- [Your objective]
Everything from the line with "Quelle est la" to the line with "Tento servírovací podnos" in the listing below, both lines included, needs to be copied exactly, apart from the pictures.

- [Provided entries]

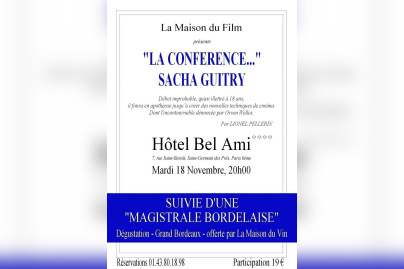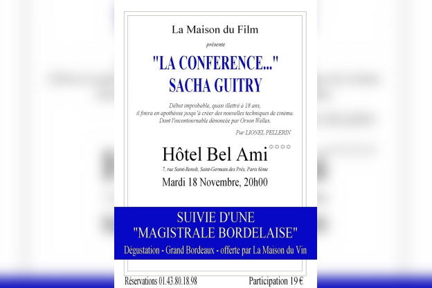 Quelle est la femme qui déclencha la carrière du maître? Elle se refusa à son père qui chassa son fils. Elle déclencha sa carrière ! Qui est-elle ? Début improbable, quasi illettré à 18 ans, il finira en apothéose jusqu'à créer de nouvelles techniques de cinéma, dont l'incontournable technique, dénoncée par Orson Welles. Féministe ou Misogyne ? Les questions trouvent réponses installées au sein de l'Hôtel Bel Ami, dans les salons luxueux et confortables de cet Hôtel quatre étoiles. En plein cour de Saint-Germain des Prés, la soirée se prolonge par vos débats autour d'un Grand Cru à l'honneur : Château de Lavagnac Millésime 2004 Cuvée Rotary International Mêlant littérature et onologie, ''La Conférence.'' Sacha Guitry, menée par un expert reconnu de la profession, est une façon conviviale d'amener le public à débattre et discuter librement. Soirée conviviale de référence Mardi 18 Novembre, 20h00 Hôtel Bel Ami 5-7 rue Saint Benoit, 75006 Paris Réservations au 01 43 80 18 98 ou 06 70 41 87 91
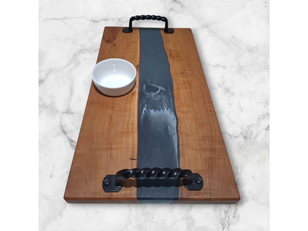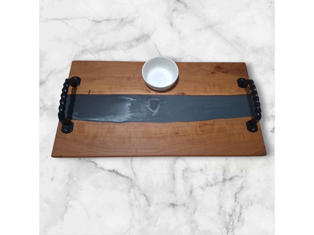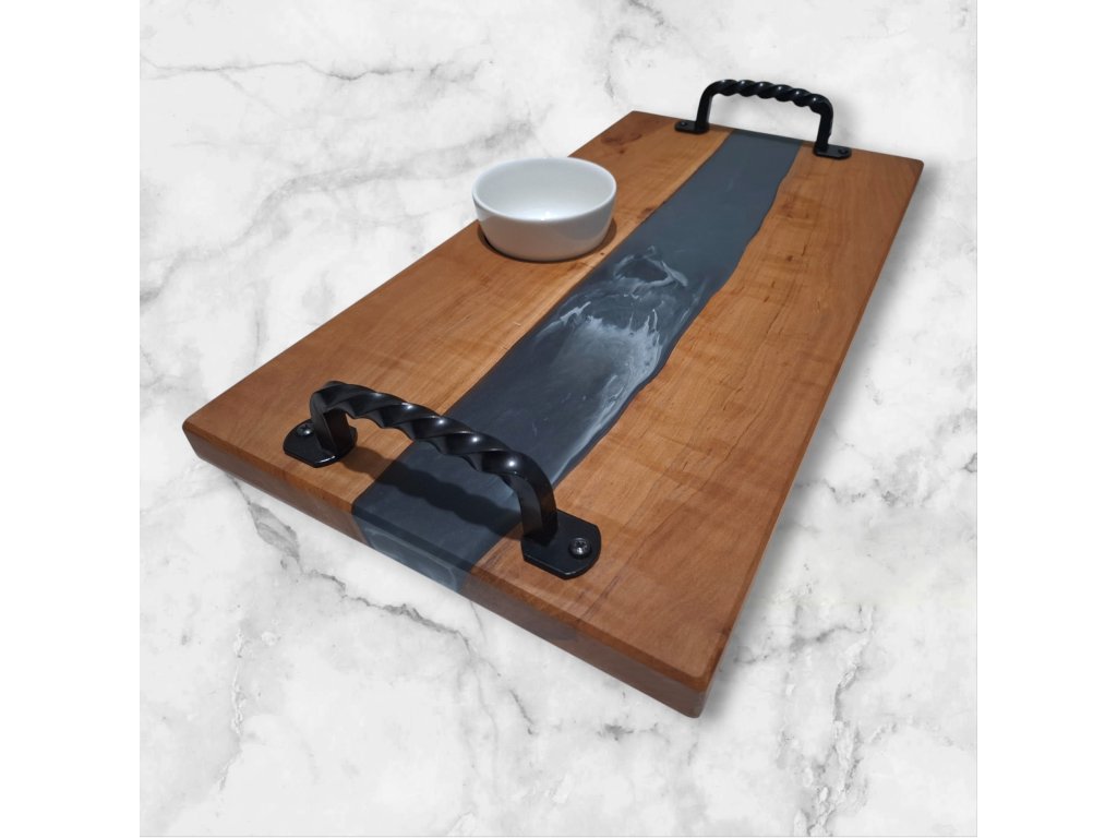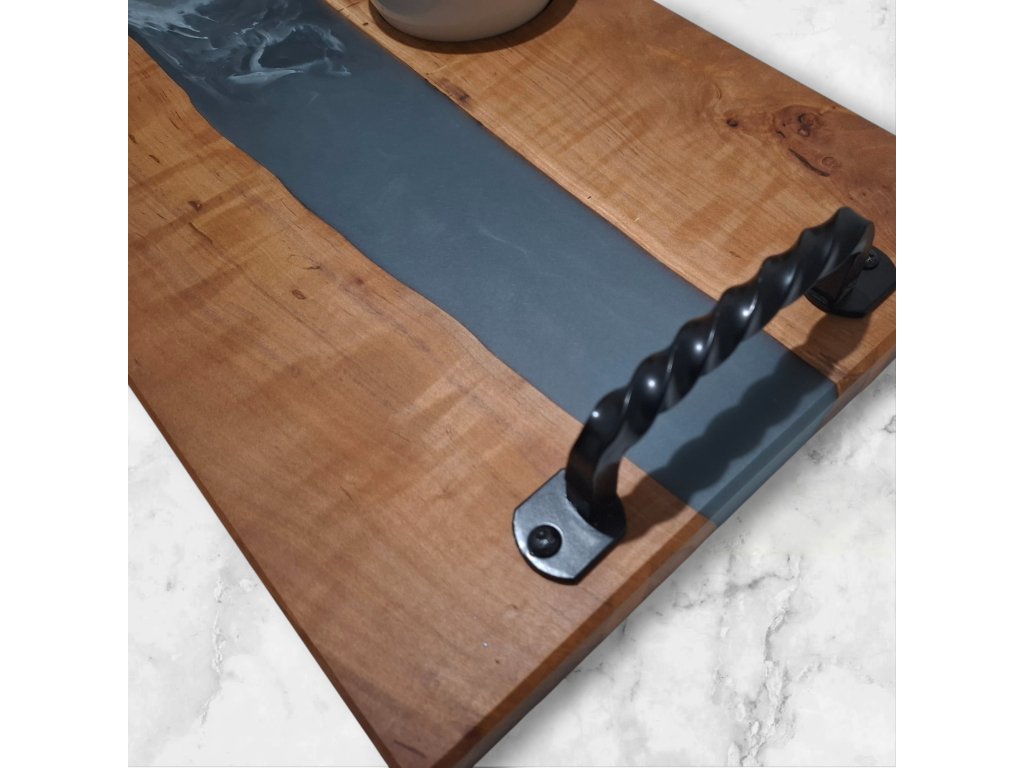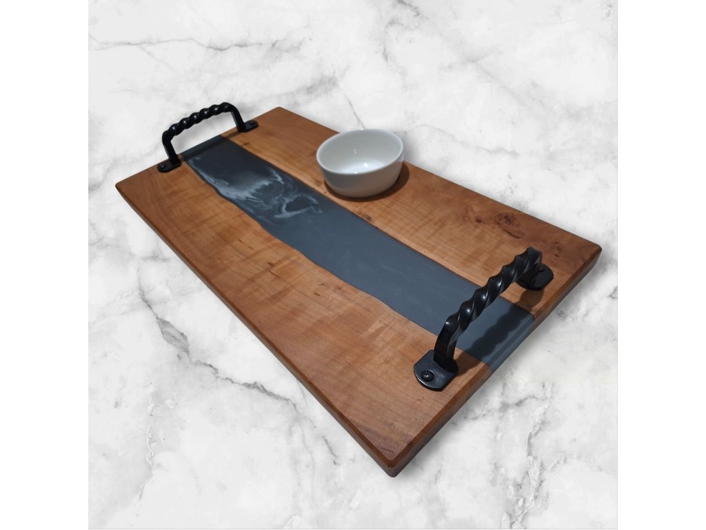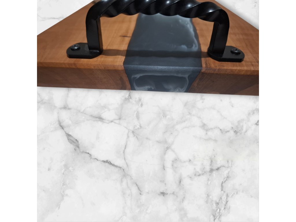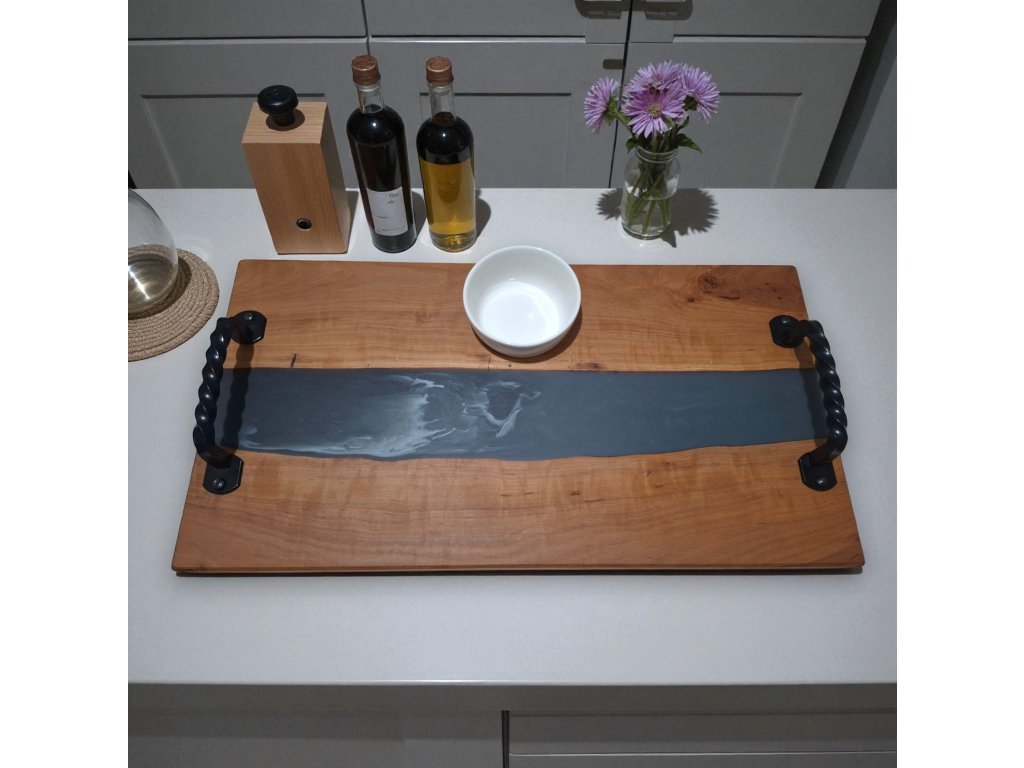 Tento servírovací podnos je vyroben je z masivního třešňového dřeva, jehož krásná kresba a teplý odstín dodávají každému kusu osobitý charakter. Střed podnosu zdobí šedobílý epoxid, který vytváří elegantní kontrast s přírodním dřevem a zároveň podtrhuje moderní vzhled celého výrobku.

* * *

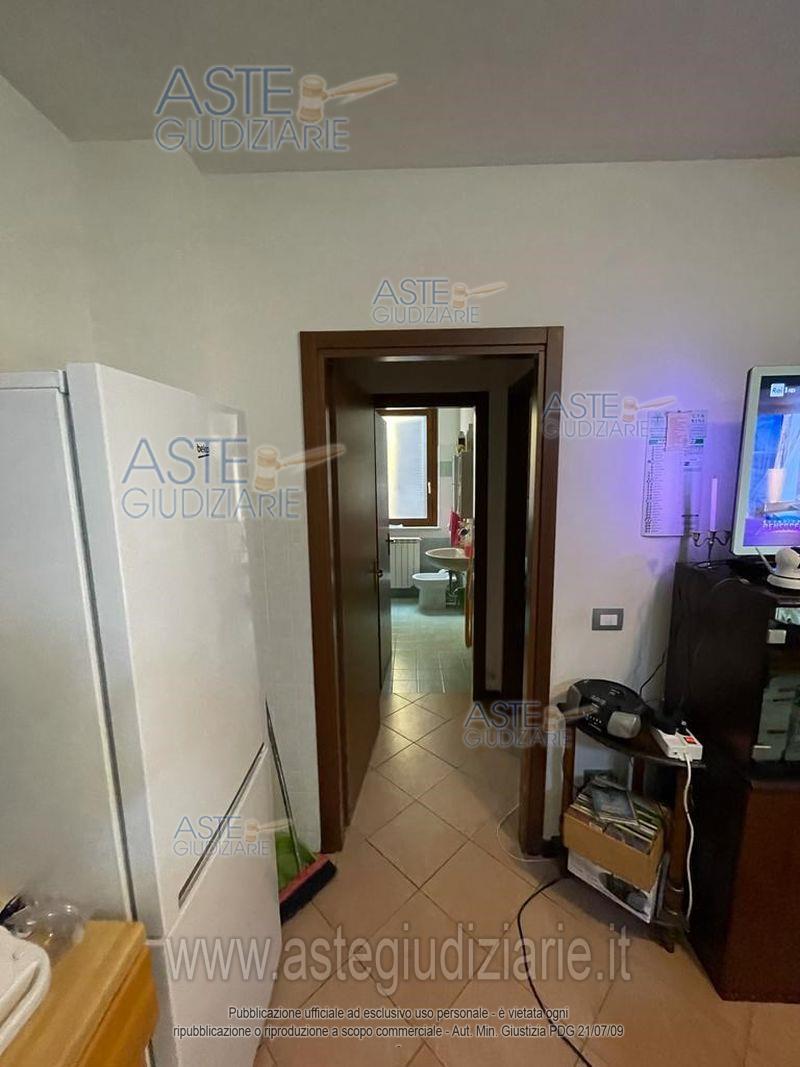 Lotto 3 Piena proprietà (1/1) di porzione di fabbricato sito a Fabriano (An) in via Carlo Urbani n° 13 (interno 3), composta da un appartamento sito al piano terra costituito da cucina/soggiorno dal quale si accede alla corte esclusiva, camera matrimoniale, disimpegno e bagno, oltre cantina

* * *

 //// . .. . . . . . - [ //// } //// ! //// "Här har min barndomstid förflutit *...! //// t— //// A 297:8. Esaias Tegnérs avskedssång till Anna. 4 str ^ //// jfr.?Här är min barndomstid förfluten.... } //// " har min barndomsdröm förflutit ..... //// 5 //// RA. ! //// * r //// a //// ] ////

- [Exercise output]
 Quelle est la femme qui déclencha la carrière du maître? Elle se refusa à son père qui chassa son fils. Elle déclencha sa carrière ! Qui est-elle ? Début improbable, quasi illettré à 18 ans, il finira en apothéose jusqu'à créer de nouvelles techniques de cinéma, dont l'incontournable technique, dénoncée par Orson Welles. Féministe ou Misogyne ? Les questions trouvent réponses installées au sein de l'Hôtel Bel Ami, dans les salons luxueux et confortables de cet Hôtel quatre étoiles. En plein cour de Saint-Germain des Prés, la soirée se prolonge par vos débats autour d'un Grand Cru à l'honneur : Château de Lavagnac Millésime 2004 Cuvée Rotary International Mêlant littérature et onologie, ''La Conférence.'' Sacha Guitry, menée par un expert reconnu de la profession, est une façon conviviale d'amener le public à débattre et discuter librement. Soirée conviviale de référence Mardi 18 Novembre, 20h00 Hôtel Bel Ami 5-7 rue Saint Benoit, 75006 Paris Réservations au 01 43 80 18 98 ou 06 70 41 87 91
 Tento servírovací podnos je vyroben je z masivního třešňového dřeva, jehož krásná kresba a teplý odstín dodávají každému kusu osobitý charakter. Střed podnosu zdobí šedobílý epoxid, který vytváří elegantní kontrast s přírodním dřevem a zároveň podtrhuje moderní vzhled celého výrobku.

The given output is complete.